A decrease in the concentration of ATP and NAD(P)H leads to a decrease in the concentration, including nucleotides – substrates for the synthesis of nucleic acids (RNA and DNA): GTP, CTP, UTP, deoxy-ATP, deoxy-GTP, deoxy-CTP and deoxy-TTP.

There is no more toxic and operatively acting pathogenic factor than oxygen deficiency in the body due to the presence of such a large number of enhancers and distributors of its pathogenic effect on cell metabolism.

The whole history of oxygen life takes place under the sign of the economical consumption of always scarce oxygen, at all levels of the organization.

An important mechanism for this saving is the creation of oxygen reserves, especially in intensively functioning tissues and organs. The central nervous system, which is the most powerful and most intensive consumer of oxygen (per gram of mass per unit of time) as the main energy carrier, uses glucose, a semi-oxidized product containing its own oxygen. Glial cells that perform auxiliary functions contain glycogen, which also allows them to conserve oxygen, which is necessary for the functioning of neurons. I will dwell on other mechanisms for saving oxygen later.

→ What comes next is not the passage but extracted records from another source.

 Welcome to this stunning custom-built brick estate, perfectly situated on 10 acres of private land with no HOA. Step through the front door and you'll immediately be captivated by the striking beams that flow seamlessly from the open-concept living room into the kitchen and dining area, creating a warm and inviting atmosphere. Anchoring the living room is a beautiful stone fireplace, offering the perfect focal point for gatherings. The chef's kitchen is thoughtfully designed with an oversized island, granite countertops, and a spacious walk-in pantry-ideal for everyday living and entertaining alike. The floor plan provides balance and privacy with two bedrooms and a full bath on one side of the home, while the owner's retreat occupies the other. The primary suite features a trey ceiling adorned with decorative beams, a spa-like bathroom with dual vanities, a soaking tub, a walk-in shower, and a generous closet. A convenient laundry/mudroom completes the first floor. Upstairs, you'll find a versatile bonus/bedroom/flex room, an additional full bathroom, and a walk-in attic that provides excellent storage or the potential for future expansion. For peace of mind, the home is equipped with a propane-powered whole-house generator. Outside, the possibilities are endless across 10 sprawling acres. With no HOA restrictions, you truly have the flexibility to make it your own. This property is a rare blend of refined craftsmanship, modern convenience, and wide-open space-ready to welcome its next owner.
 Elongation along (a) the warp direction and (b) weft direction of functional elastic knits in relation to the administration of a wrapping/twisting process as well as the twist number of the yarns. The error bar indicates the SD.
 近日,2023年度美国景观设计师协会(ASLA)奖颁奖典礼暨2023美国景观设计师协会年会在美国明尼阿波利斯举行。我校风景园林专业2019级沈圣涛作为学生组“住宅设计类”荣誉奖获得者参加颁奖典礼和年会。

I will list some of the main primary consequences of hypoxia for cells and the body as a whole.

1. Activation of an energy-dependent, regulated process of programmed cell death – apoptosis, which is safe for the surrounding tissues and for the organism as a whole, as a result of external influences. Apoptosis is not self-destruction of a cell, but it killing by external factors, in the extreme case, apoptosis can be considered as forcing cells to commit suicide by external factors: – the main physiological – cortisol (circadian rhythm), which with age increasingly becomes pathological (age-dependent growth basal level of cortisol and distress), and the main pathological one – hypoxia.

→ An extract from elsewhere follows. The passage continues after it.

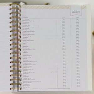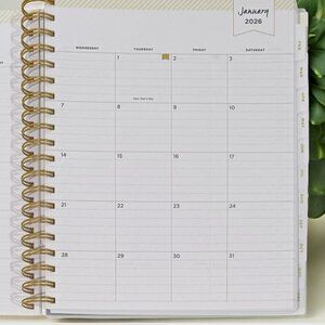The metallic gold twin wire spiral binding combines durability with style, while the contemporary white pages with gold accents enhance its overall elegant appeal.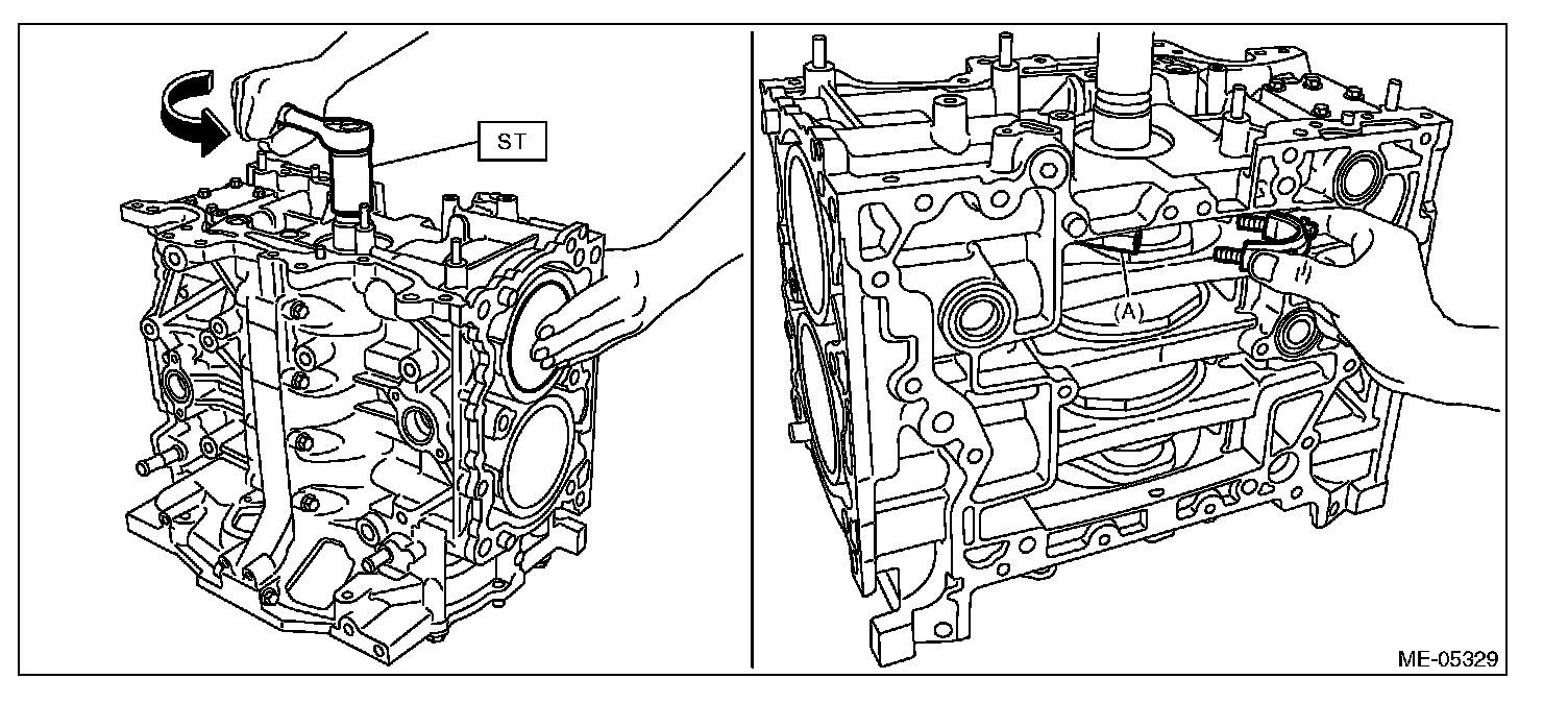 (10) Turn the crankshaft clockwise so that the #3 crank pin (A) is positioned at TDC using ST.

There is not enough oxygen for the simultaneous work of all cells of the body, it is necessary to save the “most valuable” ones, getting rid of ineffective cells for the survival of the body under hypoxic conditions, and also get rid of cells that may be restored from stem cells. Cascade mechanisms of the sequential elimination of cell components in a certain order require the expenditure of free energy in the form of ATP hydrolysis (for example, ubiquitin).

1.1. Activation of the production of free oxygen radicals by the respiratory chain of dying mitochondria. Free radicals of oxygen (* OH) and nitrogen (* NO), possessing high values of the oxidative potential, as well as ATP and NAD(P)H are mass carriers of free energy and are involved in the normal energy metabolism of cells. Free oxygen radicals generated by dying mitochondria are products of cell apoptosis, but not vice versa, as is often found in the literature.

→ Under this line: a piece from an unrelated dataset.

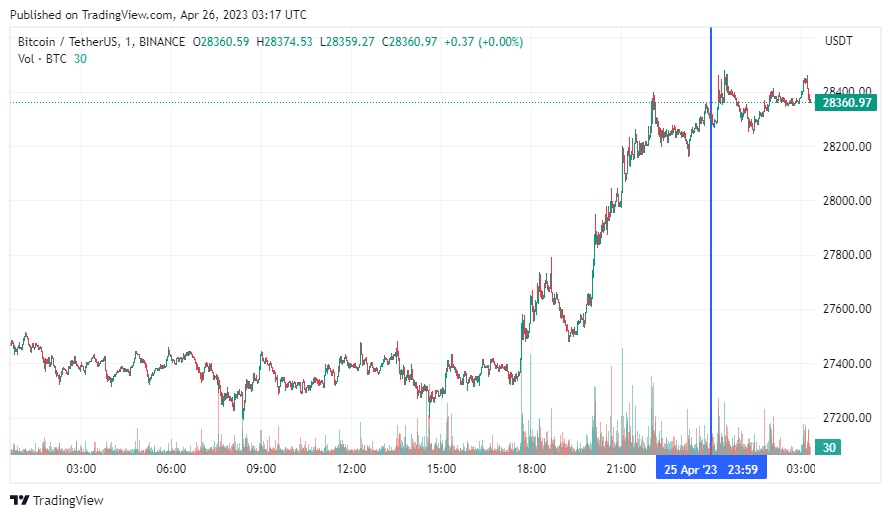 Биткоин (BTC), по данным ресурса CoinMarketCap, начал среду с бокового движения. По состоянию на 06:18 (МСК), криптовалюта торгуется по $28 360 (1 токен в рублях — ₽2,314,763). Минимум биткоина за 24 часа — $27 207, максимум — $28 463.

It is the oxygen deficiency that leads to a network of events ending in apoptosis: – slowing down of the transport of electrons along the respiratory chain; – a decrease in the electrochemical potential difference of hydrogen ions on the inner mitochondrial membrane; – swelling of mitochondria with disruption of the integrity of the outer mitochondrial membrane; – exit from the intermembrane space into the cytoplasm of cytochrome C, which leads to disconnection from the respiratory chain of cytochrome oxidase and to the termination of direct transfer of electrons to oxygen (disconnection of cytochrome oxidase from the respiratory chain is an elegant evolutionary device that excludes the possibility of senseless and therefore harmful “eating” oxygen that is already deficient under conditions of hypoxia); – activation of the reverse transfer of electrons (against the redox potential of the electron carriers of the respiratory chain) entering the respiratory chain from dehydrogenases of the second conjugation point; – increasing the concentration of the reaction product of one-electron reduction of Coenzyme Q; – chemical reaction of oxygen with the Coenzyme Q radical, leading to an increase in the concentration of free oxygen radicals.